▶ Record extracts
★ ★ ★

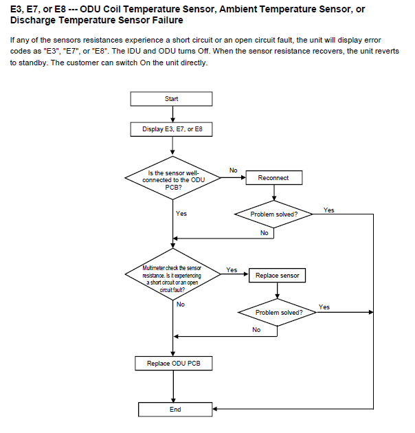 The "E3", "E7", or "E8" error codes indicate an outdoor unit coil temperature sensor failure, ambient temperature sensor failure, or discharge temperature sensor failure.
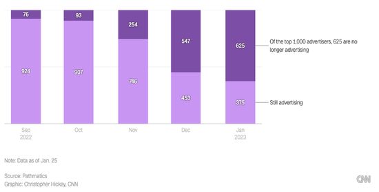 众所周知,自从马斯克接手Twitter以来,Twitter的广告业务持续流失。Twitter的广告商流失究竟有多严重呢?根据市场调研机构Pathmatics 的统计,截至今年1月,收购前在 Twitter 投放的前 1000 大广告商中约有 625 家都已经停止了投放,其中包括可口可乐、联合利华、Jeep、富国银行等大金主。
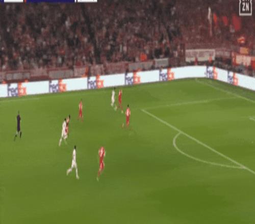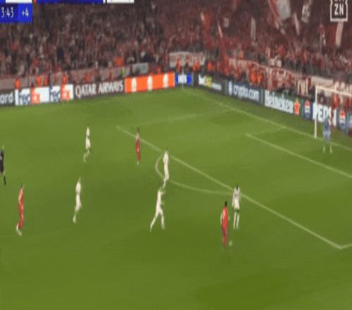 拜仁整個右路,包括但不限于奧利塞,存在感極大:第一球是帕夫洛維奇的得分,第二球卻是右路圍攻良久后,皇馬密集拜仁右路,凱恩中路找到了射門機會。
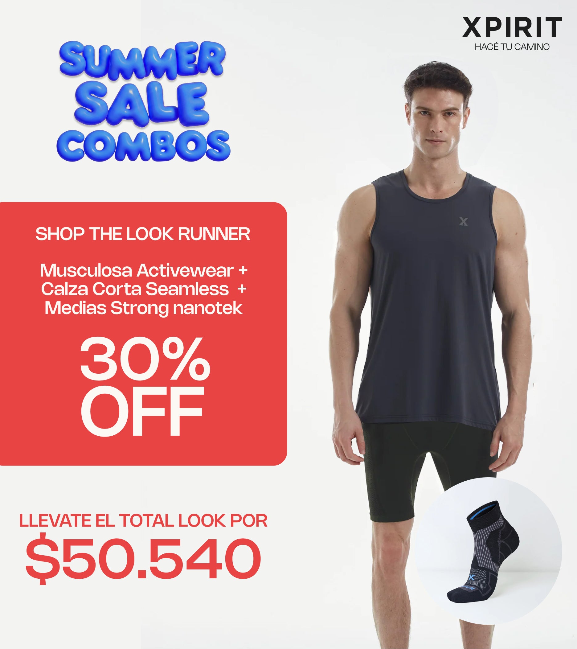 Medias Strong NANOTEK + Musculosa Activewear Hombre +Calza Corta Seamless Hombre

★ ★ ★

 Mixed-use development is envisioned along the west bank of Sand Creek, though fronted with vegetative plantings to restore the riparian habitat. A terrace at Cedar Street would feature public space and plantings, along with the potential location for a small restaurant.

★ ★ ★

▶ Directions
No picture is to be printed. Output exactly the lines above from the line containing "temperature sensor failure." through the line containing "Medias Strong NANOTEK".

▶ Finished task
 The "E3", "E7", or "E8" error codes indicate an outdoor unit coil temperature sensor failure, ambient temperature sensor failure, or discharge temperature sensor failure.
 众所周知,自从马斯克接手Twitter以来,Twitter的广告业务持续流失。Twitter的广告商流失究竟有多严重呢?根据市场调研机构Pathmatics 的统计,截至今年1月,收购前在 Twitter 投放的前 1000 大广告商中约有 625 家都已经停止了投放,其中包括可口可乐、联合利华、Jeep、富国银行等大金主。
 拜仁整個右路,包括但不限于奧利塞,存在感極大:第一球是帕夫洛維奇的得分,第二球卻是右路圍攻良久后,皇馬密集拜仁右路,凱恩中路找到了射門機會。
 Medias Strong NANOTEK + Musculosa Activewear Hombre +Calza Corta Seamless Hombre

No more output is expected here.